Then you move onto to the Nappa, now I would think you would normally write "Nappa Leather" but Volvo don't, so is this real leather? I have come to the conclusion it is from the way mine has creased and worn, plus Volvo don't use the word textile, which I think they would have too. Like you I use proper leather products on it.

Phew...always a wordy one to explain

Hope this helps.*_

Taken from this thread back in September:

https://www.detailingworld.co.uk/forum/showthread.php?p=5678611#post5678611


----------



## Steveo535 (Nov 26, 2016)

Thanks for all the into and replies. 

Just to muddy the water a little more the Volvo configurator now states R Design Pro seats are Nubuck textile/Nappa leather/leatherette in Charcoal so no idea what parts are leatherette will ring dealer after the Xmas break to see if they can shine any light on it. 

Won’t be please if seats are leatherette on a so called luxury SUV. 

Cheers Steven.


----------



## Andyblue (Jun 20, 2017)

Steveo535 said:


> Thanks for all the into and replies.
> 
> Just to muddy the water a little more the Volvo configurator now states R Design Pro seats are Nubuck textile/Nappa leather/leatherette in Charcoal so no idea what parts are leatherette will ring dealer after the Xmas break to see if they can shine any light on it.
> 
> ...


If this applies to your model - depends on when your order was placed / if they've started the build and if the changes have been B applied to your motor, I'd suspect the backs of the seats are the leatherette... but definitely worth a check to see...


----------



## Blackroc (Dec 10, 2012)

bluechimp said:


> Do you have any expertise in this area to back this up?
> 
> Sounds a bit daft as it would be false advertising.


I'm guessing you don't know who she is?

Judy is from LTT - renovators and protection specialist in leather care.

She's also been on Dragons Den (yes that one..)

Does she know leather and what she is talking about?

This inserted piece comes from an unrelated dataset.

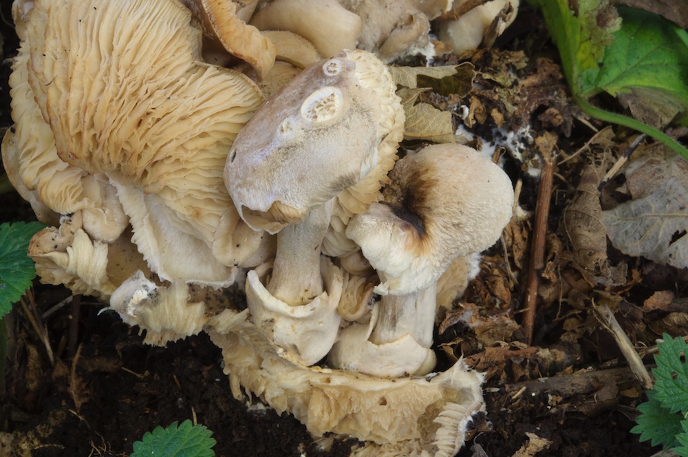 Lyophyllum sp.: Komischer Büschelrasling mit grauen Lamellen. Reichliches Wachstum an Waldrand unter Fagus, Picea etc. über Kalk.

Just a bit

Tesla use a textile for its seats and interiors called 'Vegan Leather' - it's neither vegan or leather! The point being is that just because Volvo call it Nubuck - doesn't mean in reality it is!

Sent from my iPhone using Tapatalk


----------



## Rappy (Oct 2, 2020)

Andyblue said:


> I'd suspect the backs of the seats are the leatherette... but definitely worth a check to see...


Most cars have leatherette on the side bolsters on the cushion & the seat back.

The norm is they will only use leather were your body touches the seat. The same goes for the headrests.

To be sure, you can always do the finger test to see if it's leather or not.


----------



## Rappy (Oct 2, 2020)

Blackroc said:


> I'm guessing you don't know who she is?
> 
> Judy is from LTT - renovators and protection specialist in leather care.
> 
> ...


Thanks Blackroc :thumb:

Guessed it was someone very knowledgeable


----------



## Rappy (Oct 2, 2020)

Sorry, finger test 

Press into the leather, looking for creases and wrinkles.**Real leather will wrinkle under the touch, just like real skin**. 

Synthetic materials usually just depress down under your finger, retaining rigidity and shape.


----------



## Steveo535 (Nov 26, 2016)

Andyblue said:


> If this applies to your model - depends on when your order was placed / if they've started the build and if the changes have been B applied to your motor, I'd suspect the backs of the seats are the leatherette... but definitely worth a check to see...


Configurator changed the day after I ordered the car just wanted to check something and noticed the leatherette.

I'll wait and see what the dealer says.

Paperwork I've got for the order states Nubuck textile/Nappa leather no mention of leatherette.


----------



## Andyblue (Jun 20, 2017)

Steveo535 said:


> Configurator changed the day after I ordered the car just wanted to check something and noticed the leatherette.
> 
> I'll wait and see what the dealer says.
> 
> Paperwork I've got for the order states Nubuck textile/Nappa leather nonmention of leatherette.


Fingers crossed as it's on your order, it'll be processed and made as the specifications you've ordered...


----------



## Rappy (Oct 2, 2020)

Andyblue said:


> Fingers crossed as it's on your order, it'll be processed and made as the specifications you've ordered...


Just because you have ordered a car, does not mean you will get the exact car. Had this on my last 5 new cars :wall:

WLTP has made my last 2 cars more expensive with more options than I originally ordered.

Options were...

Cancel order FOC
Have a lower spec car
Or pay more with more options.

Until you get an actual build week/ order loaded, nothing is 
guaranteed.


----------



## Steveo535 (Nov 26, 2016)

Rappy said:


> Just because you have ordered a car, does not mean you will get the exact car. Had this on my last 5 new cars :wall:
> 
> WLTP has made my last 2 cars more expensive with more options than I originally ordered.
> 
> ...


Have been given a delivery date don't know if this will make a difference.


----------



## Steveo535 (Nov 26, 2016)

Hi All

Had a good search though the Volvo site today and have finally found out what is leatherette on the seats.

Front seats are Nubuck textile and Nappa leather but in the rear seat most of the side bolsters are in a soft, durable leather-like synthetic material.

Not sure how I feel about this on such an expensive car and cannot understand why only the R Design gets the leatherette when even the Momentum trim gets full leather.


----------